What To Serve with Popovers
With a crispy exterior, hollow interior, and light, buttery taste, the classic popover is my absolute favorite roll. As my son would say, “they are 89,000 good.”
Watch Them Being Made
Light & Buttery Classic Popovers
This Classic Popover Recipe gives you the best popovers, with a crispy exterior & a hollow interior. Light, buttery & fabulous, there’s nothing else like them!
Servings: 6 popovers
- 4 large eggs , room temperature before cracking
- 1 1/2 cups whole milk , lukewarm (about 125 degrees F)
- 3/4 teaspoon salt
- 1 1/2 cups all-purpose flour , spooned and leveled
- 3 tablespoons melted butter , cooled slightly
Using a blender, blend eggs, milk, and salt; add flour, blending until smooth; then add the melted butter at the end, blending until frothy. Let batter rest for 15 minutes while you preheat the oven.
Preheat the oven to 450 degrees F and place rack in the bottom third position (to make room for tall popovers and to ensure the tops don’t burn!) and another rack in the top position.
Place a 6-slot popover pan on a baking sheet; put on the lower rack of oven for 2 minutes while oven is preheating.
Spray the hot pan all over (including inside the wells and the outside rim) with nonstick cooking spray.
Pour the rested batter evenly into the muffin slots, almost to the top.
Bake the popovers for 20 minutes without opening the oven door. Reduce the heat to 350°F (again without opening the door), and bake for an additional 10 minutes, until they’re tall, have “popped” over the tops of the pan, and are a deep, golden brown.

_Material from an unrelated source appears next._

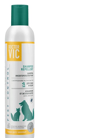 Doctor VIC (Доктор Вик) Шампунь применяется для избавления собак и кошек от эктопаризитов (блох, власоедов). Обладает репеллентным эффектом – отпугивает кровососущих насекомых. Применяется для очистки, увлажнения, укрепления, питания кожно-волосяного покрова животных с любым типом шерсти.

(Without opening the oven door, check them with the oven light during the last few minutes to make sure they’re not over-browning. If so, quickly open the door and put a cookie sheet on that upper rack to shield the popovers’ tops from direct heat.)
Remove them from the oven, and pierce the top or bottom of each with the tip of a pairing knife, to release steam and help prevent sogginess.
Slip them out of the pan, split open and serve with butter!
For recipe tips to achieve optimal results, directions for using a muffin tin, variations, and storage, please refer to the full article.
Calories: 249kcal | Carbohydrates: 27g | Protein: 9g | Fat: 11g | Saturated Fat: 6g | Cholesterol: 145mg | Sodium: 415mg | Potassium: 160mg | Fiber: 1g | Sugar: 3g | Vitamin A: 454IU | Calcium: 94mg | Iron: 2mg
Nutritional information given is an automatic calculation and can vary based on the exact products you use and any changes you make to the recipe. If these numbers are very important to you, I would recommend calculating them yourself.